**** Stored data
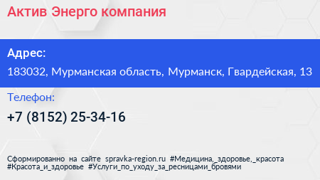 Актив Энерго, компания по адресу 183032, Мурманская область, Мурманск, Гвардейская, 13 в дальнейшем Организация, размещена в следующих категориях:
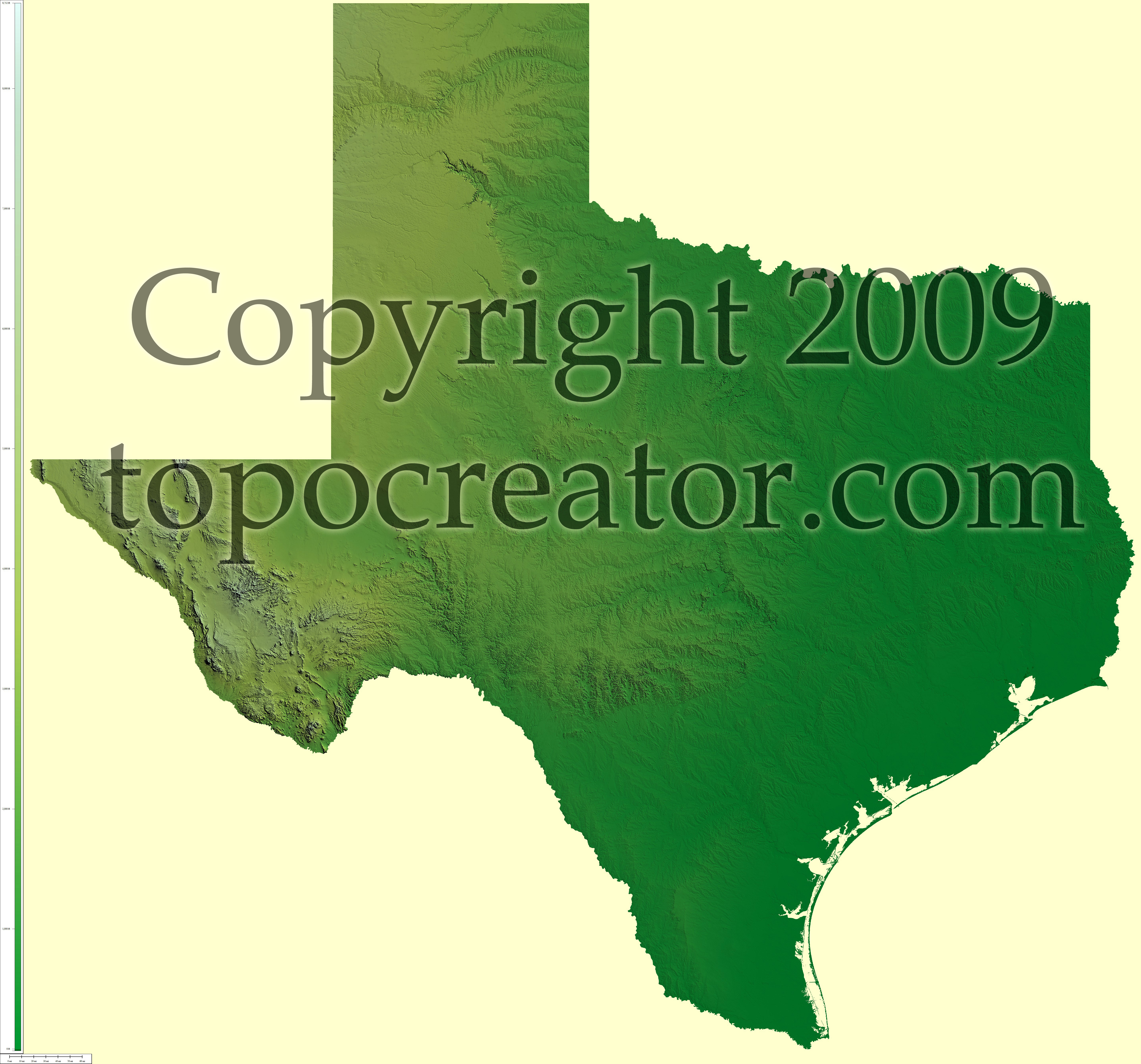 Terms of use. All maps displayed on this page or downloadable via a "download" link on this page are © 2009 topocreator.com released to the public under a Creative Commons Attribution-Share Alike license. Maps are available for purchase for a small fee for educational, personal, and commercial usage under an alternative license. The elevation data used in the creation of these maps has been obtained through the USGS, NOAA, and the US Census Bureau via the public domain.
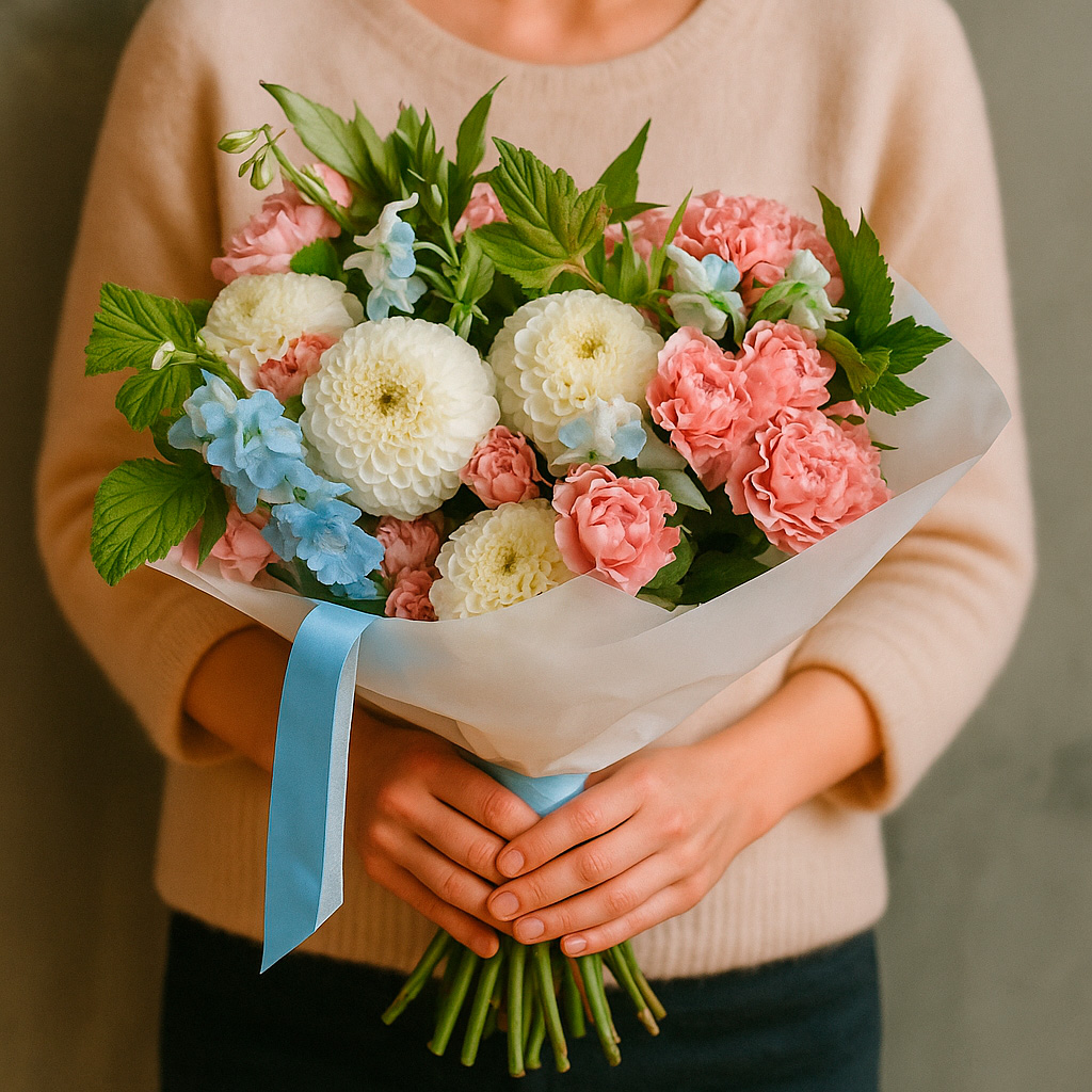 Белоснежные георгины, голубая маттиола и розовые кустовые розы создают нежную и воздушную композицию, дополненную свежими листьями малины. Букет перевязан голубой лентой и оформлен в матовую плёнку. Возможны варианты упаковки с атласной лентой или крафт-бумагой. Прекрасный подарок для любимой на годовщину или свадьбу.
********
▶ [Instructions to follow]
Would you please output only the lines from the start of the material above up to and including the line with "Terms of use.", exactly as they appear and without pictures?

▶ [Task result]
 Актив Энерго, компания по адресу 183032, Мурманская область, Мурманск, Гвардейская, 13 в дальнейшем Организация, размещена в следующих категориях:
 Terms of use. All maps displayed on this page or downloadable via a "download" link on this page are © 2009 topocreator.com released to the public under a Creative Commons Attribution-Share Alike license. Maps are available for purchase for a small fee for educational, personal, and commercial usage under an alternative license. The elevation data used in the creation of these maps has been obtained through the USGS, NOAA, and the US Census Bureau via the public domain.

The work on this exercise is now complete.